§ **What to work on**
Give the listing again, word for word, and let no picture into it.

§ **Input data**
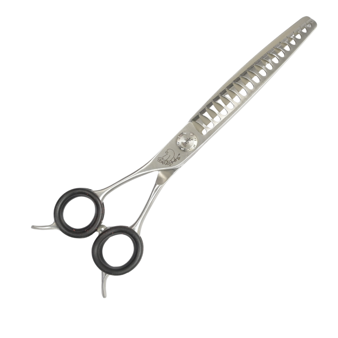 Darüber hinaus enthalten die Chunker eine Subversion der traditionellen Wellenschliffkante für besonders müheloses, scharfes und kraftvolles Schneiden. Jede Schere entfernt eine beträchtliche Menge an Haaren, was zu weniger Schnitten und weniger Kraftaufwand führt und so Ihren Pflegeprozess rationalisiert. Entscheiden Sie sich für die Yento Tanto Schere für ein Scherenerlebnis, das Komfort mit hoher Leistung verbindet, was sie zu einem Muss im Werkzeugkasten eines jeden Hundefriseurs macht.
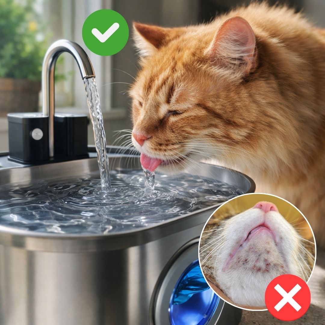 Unlike plastic, stainless steel doesn’t trap bacteria or odors, supporting cleaner water and improved everyday cleanliness. No more feline acne!
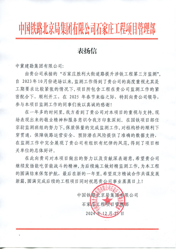 石家莊市勝利大街道路提升涉鐵工程鐵路設(shè)施安全監(jiān)測項目,六公司通過高精度的測繪和實時監(jiān)測,確保了鐵路設(shè)施的安全運營,贏得了中國鐵路北京局的高度評價。京石客專石家莊樞紐改造工程,我們的精準(zhǔn)監(jiān)測工作為工程的順利進(jìn)行提供了堅實的數(shù)據(jù)支持,獲得了中鐵六局的高度認(rèn)可和表揚。

§ **Written answer**
 Darüber hinaus enthalten die Chunker eine Subversion der traditionellen Wellenschliffkante für besonders müheloses, scharfes und kraftvolles Schneiden. Jede Schere entfernt eine beträchtliche Menge an Haaren, was zu weniger Schnitten und weniger Kraftaufwand führt und so Ihren Pflegeprozess rationalisiert. Entscheiden Sie sich für die Yento Tanto Schere für ein Scherenerlebnis, das Komfort mit hoher Leistung verbindet, was sie zu einem Muss im Werkzeugkasten eines jeden Hundefriseurs macht.
 Unlike plastic, stainless steel doesn’t trap bacteria or odors, supporting cleaner water and improved everyday cleanliness. No more feline acne!
 石家莊市勝利大街道路提升涉鐵工程鐵路設(shè)施安全監(jiān)測項目,六公司通過高精度的測繪和實時監(jiān)測,確保了鐵路設(shè)施的安全運營,贏得了中國鐵路北京局的高度評價。京石客專石家莊樞紐改造工程,我們的精準(zhǔn)監(jiān)測工作為工程的順利進(jìn)行提供了堅實的數(shù)據(jù)支持,獲得了中鐵六局的高度認(rèn)可和表揚。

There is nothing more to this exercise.